It is also assumed that all the effects from nutrients and other predictors may contain personal differences, and because of that, the inputs are same for both general and personal parts in Eq. (3) by assuming identical model matrices $pa_X(Y_{ik}) = pa_Z(Y_{ik})$. It is possible, though, to leave some of the effects common for all the subjects by dropping the corresponding column from $\varvec{Z}_{ik}$ if it is known that these effects cannot vary among persons.

Distributions of random variables

Normal distribution is used as a starting assumption for all the observed random variables at the network. Reference intakes of nutrients are based on normal distribution²⁰ and so it is practical to use the same distribution for dietary nutrient levels here as well. For the concentration values in Eq. (2) this means $Y_{ik} \sim \mathcal {N}\big (\varvec{\mu }_{ik}, \varvec{\Sigma }_{ik}\big )$ where $\varvec{\mu }_{ik}$ is a vector of expected values from Eq. (3) and $\varvec{\Sigma }_{ik}$ is a covariance matrix of the multivariate distribution.

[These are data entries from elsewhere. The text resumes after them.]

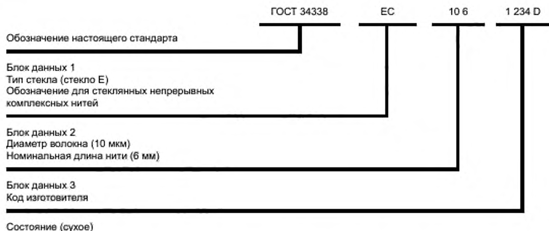
Рисунок 2 — Обозначение ГОСТ 34338-EC, 10 6, 1 234 D

2 Обозначение рубленых нитей с типом стекла E, диаметром волокна 13 мкм, номинальной длиной нити 12 мм, применяемых для прессматериалов на основе реактопластов, приведено на рисунке 3.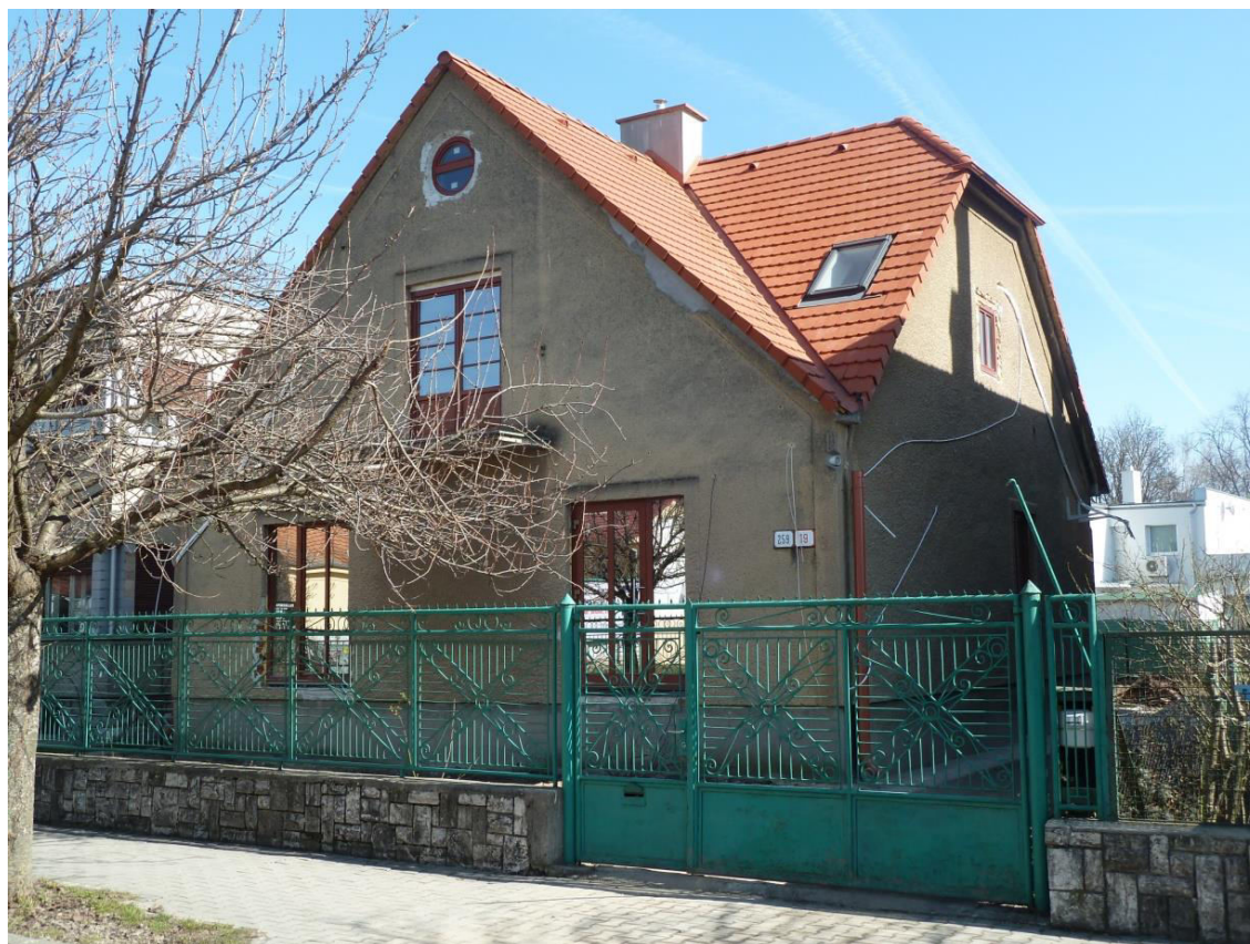
pohľad na uličnú fasádu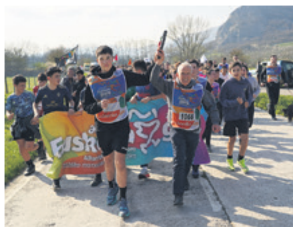
1066. lekuko hartzea: Irañetako Udala.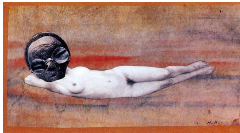
Doc 10 - Hannah HÖCH, A Strange Beauty , photomontage et aquarelle, 1929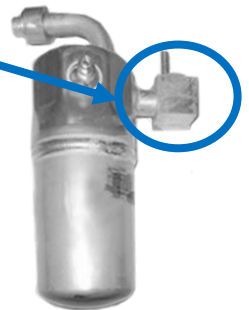
1411734 – 1er modèle Avec climatisation arrière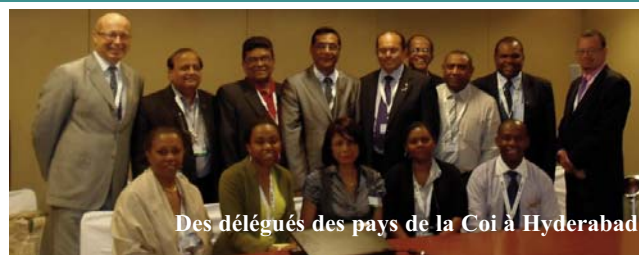
Des délégués des pays de la Coi à Hyderabad

Parmi les autres résultats de la rencontre, les aires marines riches en biodiversité reçoivent une attention particulière.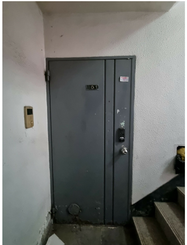
( 1 )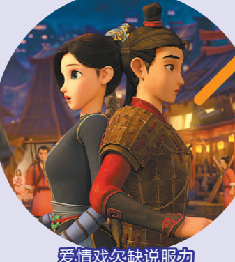
爱情戏欠缺说服力

从剧情的篇幅分配来看,《俑之城》的剧情重点在两个方面:一是战争戏,二是爱情戏。在战争戏方面,俑之城展现了人俑之间、人俑与“地吼”之间、人俑与青铜兽之间各种规模的打斗,展现了该片在制作上的水准与良心。但很可惜,这方面戏份虽能展现展现技术,对剧情的推动作用却不大。相比之下,爱情戏显然能在展现人物的成长轨迹上起到更大作用。可惜的是,《俑之城》的爱情戏套路满满。男女主人公除了共同经历了几次出生入死,并无更深层次的精神交流。人设冷酷成熟的女主为何爱上个性轻佻浅薄的男主,似乎不是一句简单的“日久生情”就能轻易解释的。缺乏足够情感基础的情况下,影片却频频用深情插曲来为两人的恋爱戏“推波助澜”,只会令观众更觉尴尬。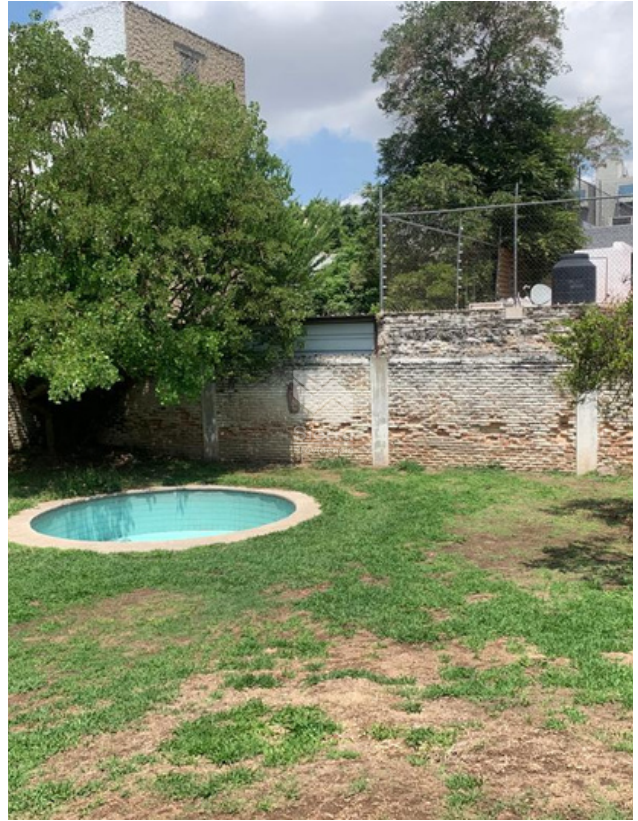
Jardín con alberca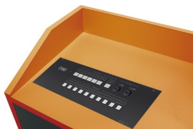
設置例 1 操作卓へ埋め込み (操作パネルと本体を分離して設置)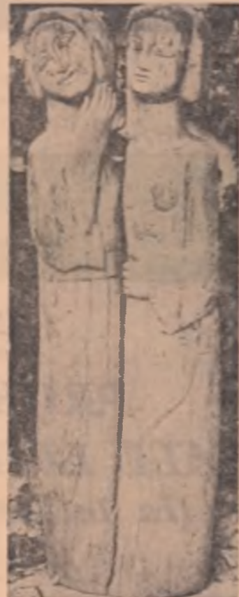
Sculptură de GEORGE APOSTU

Debutul în revistă: Ateneu 1967. Apoi colaborează la Cronica, Lucașfăru. Debutul editorial probabil: trimestrul I 1969, Editura pentru literatură. Redactor de carte: Lucian Cursaru. Opinia redactorului de carte despre debut: „Romanul, subtilizat, de o autenticitate riscătoare”. Titlul cărții: MINCIUNA ROMÂNĂ.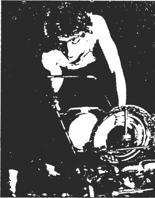
"Hamletmaschine", unha experiencia de avangarda a partir dun clásico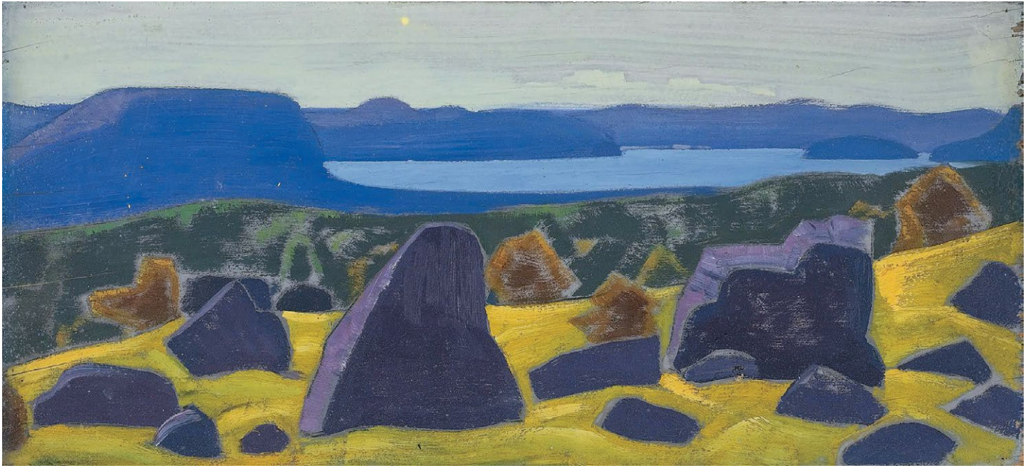
Н.К. Рерих. Этюд из серии «Ладога». 1918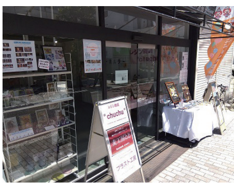
わらびチャレンジショップ

また、空き店舗有効活用事業補助金の申請にかかる審査等を行うエリアノベーション推進協議会を開催しました。 ・空き店舗有効活用事業補助金採択件数 5件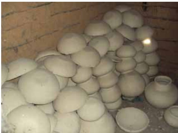
Potes de barro produzidos na comunidade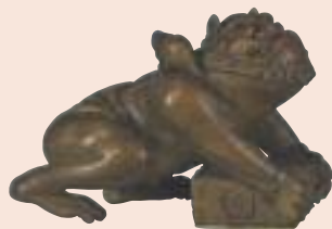
Oni cacciatore mancato, legno, firmato Minsbo, altezza mm 29.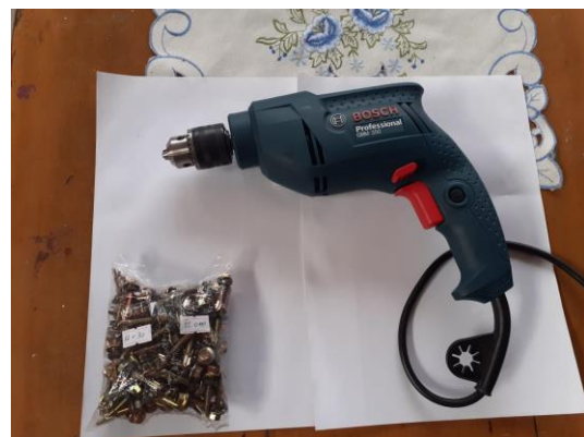
Gambar 3.5d. Bor listrik

The blood concentration values are non-negative and usually right-skewed with occasional values greatly above average. This kind of biometric data is usually better modeled with $\mathrm {Log-Normal}$ or $\mathrm {Gamma}$ distribution than with normal distribution²¹. In our model, $\mathrm {Gamma}$ distribution is considered as an alternative distribution candidate as it allows keeping the regression parameters additive by using an identity link function with $Y_i \sim \mathrm {Gamma}\Big (\alpha _i, \frac{\alpha _i}{g(\varvec{\mu }_i)}\Big )$ where $\alpha _i$ is a shape parameter of $\mathrm {Gamma}$ distribution and $g(\varvec{\mu }_i) = \varvec{\mu }_i$ is the identity link function for the expected value. Parameter additivity achieved with the identity link is important as it allows using the same parameter estimates in expected values of both normal and Gamma distributed random variables. This is valuable in future use cases where normally distributed nutrient levels are conditioned from estimated effects and given reference values of concentrations. Parameters are also easier to interpret in the additive scale.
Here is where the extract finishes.